— Data shown —
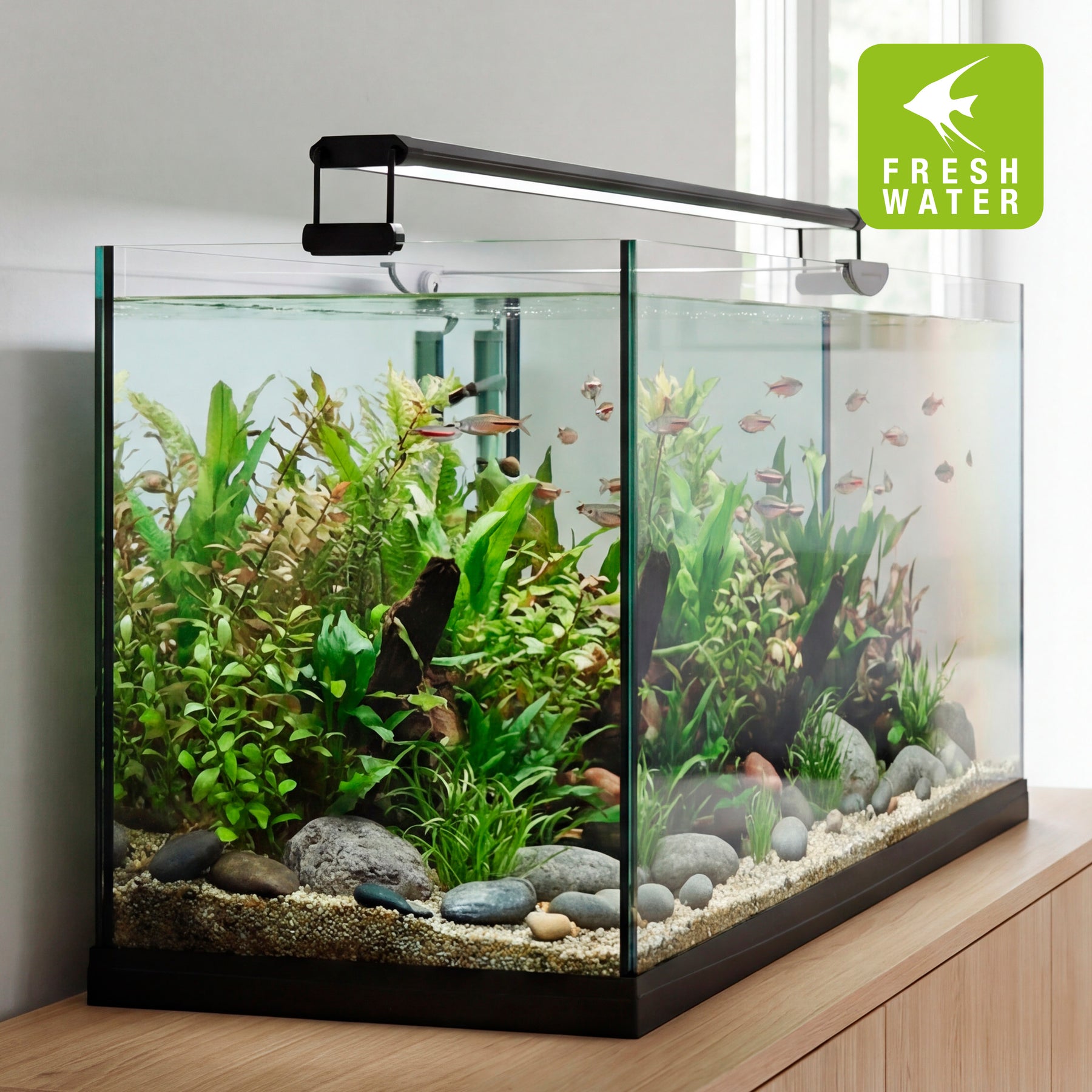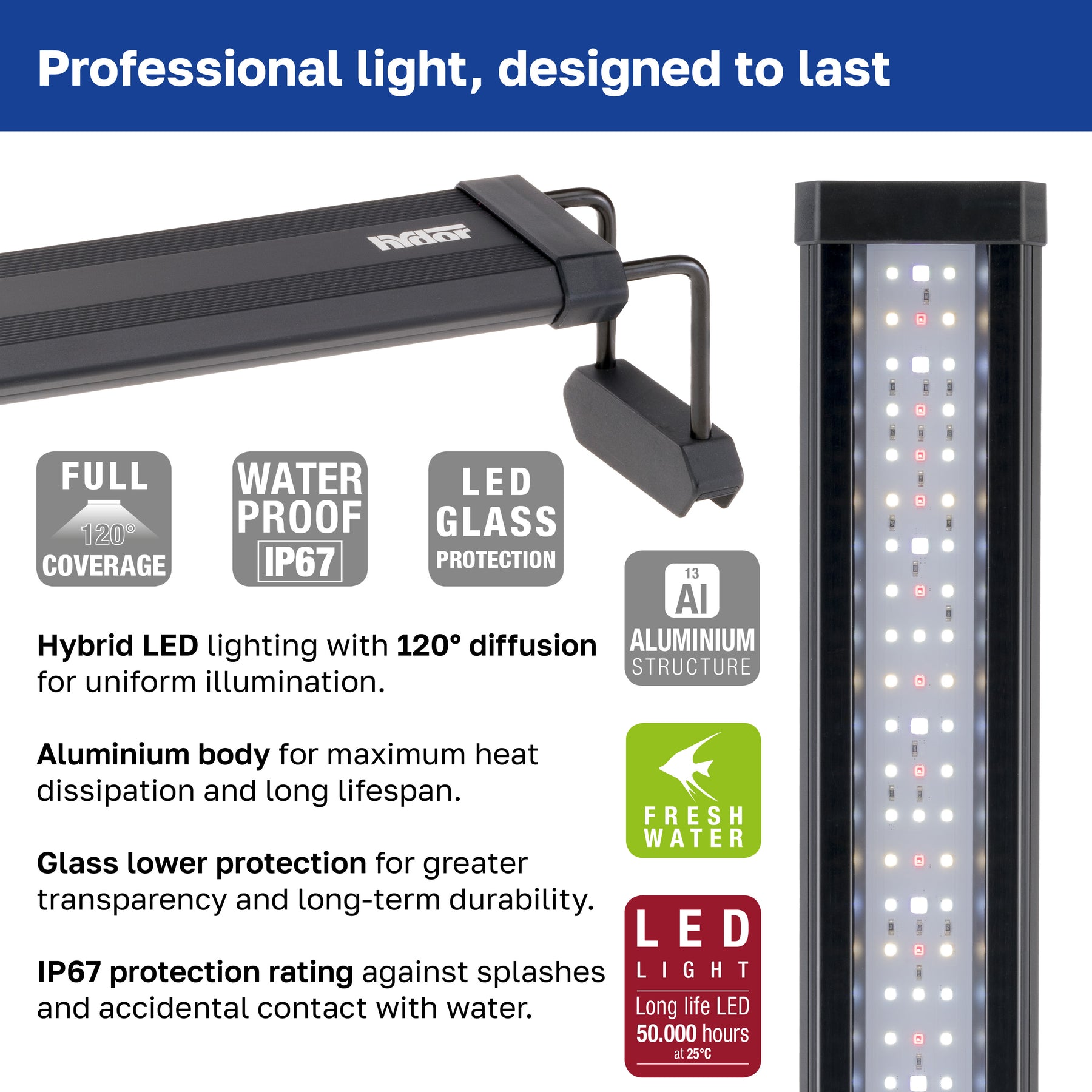 - Alta fidelidade cromática (CRI – Índice de Reprodução de Cor >90), para uma visão detalhada e cores vibrantes que destacam a beleza do aquário de água doce
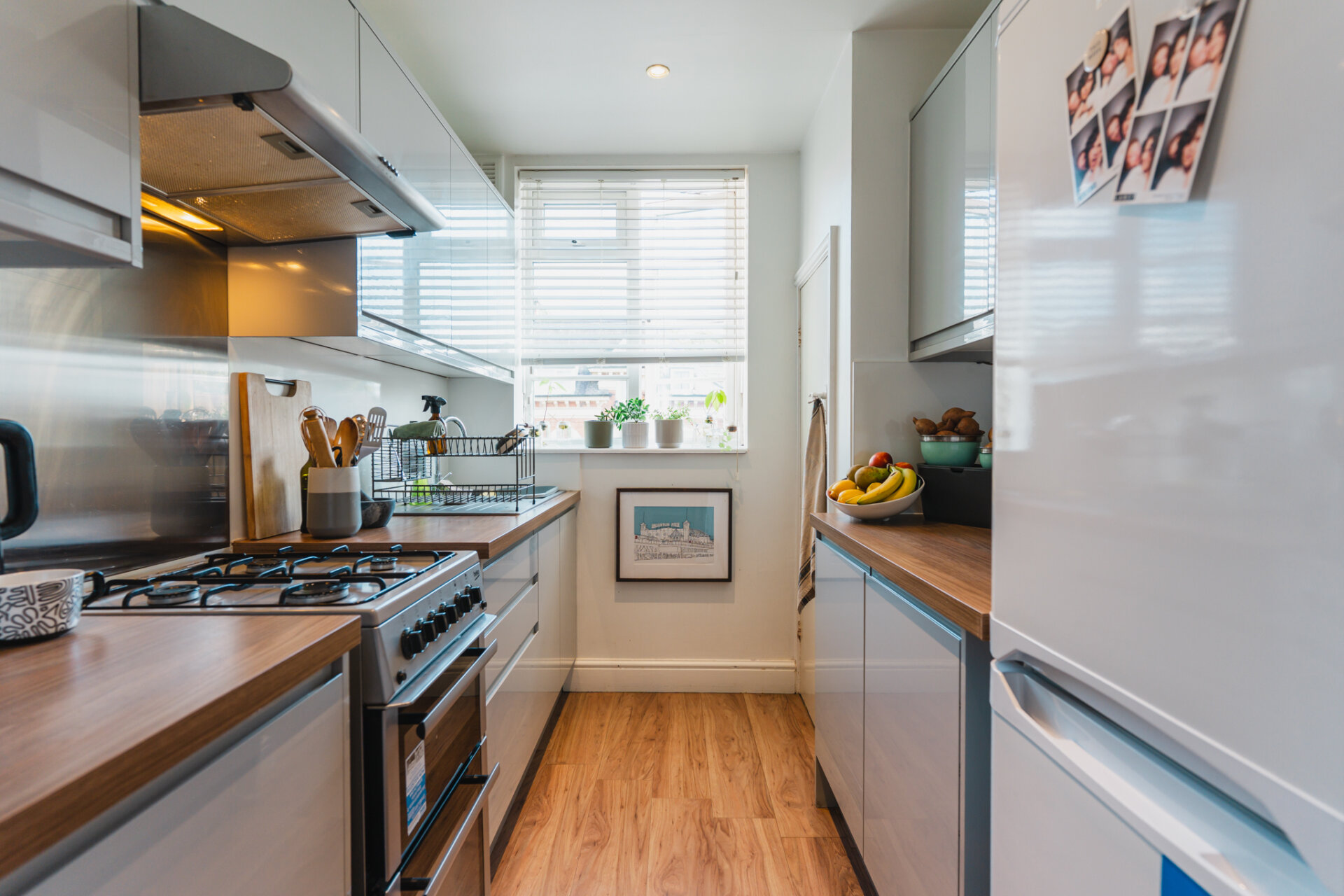 Internally, the apartment opens to a generous entrance hallway with integrated floor-to-ceiling storage. The main living and dining space is light-filled, centred around a broad bay window and a decorative hearth serving as an excellent focal feature. A private balcony extends from this space, with views over the impeccably well landscaped communal gardens. The kitchen is arranged separately, fitted with a full suite of cabinetry and appliances, including a gas hob, electric oven, plumbing for a washing machine, and space for a freestanding fridge-freezer.
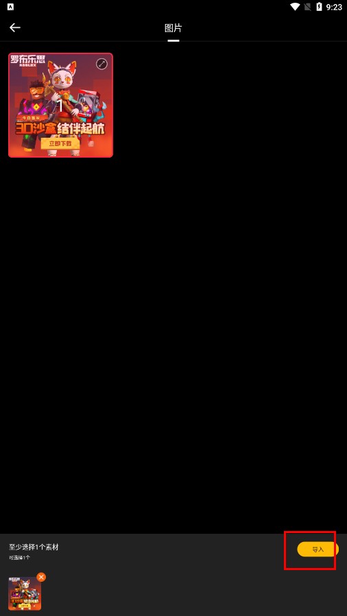 3、在圖片選擇頁面,選擇好封面圖后,點(diǎn)擊【導(dǎo)入-按鈕】。

— How to complete this task —
Would you retype each line above exactly and skip every image?

— Answer box —
 - Alta fidelidade cromática (CRI – Índice de Reprodução de Cor >90), para uma visão detalhada e cores vibrantes que destacam a beleza do aquário de água doce
 Internally, the apartment opens to a generous entrance hallway with integrated floor-to-ceiling storage. The main living and dining space is light-filled, centred around a broad bay window and a decorative hearth serving as an excellent focal feature. A private balcony extends from this space, with views over the impeccably well landscaped communal gardens. The kitchen is arranged separately, fitted with a full suite of cabinetry and appliances, including a gas hob, electric oven, plumbing for a washing machine, and space for a freestanding fridge-freezer.
 3、在圖片選擇頁面,選擇好封面圖后,點(diǎn)擊【導(dǎo)入-按鈕】。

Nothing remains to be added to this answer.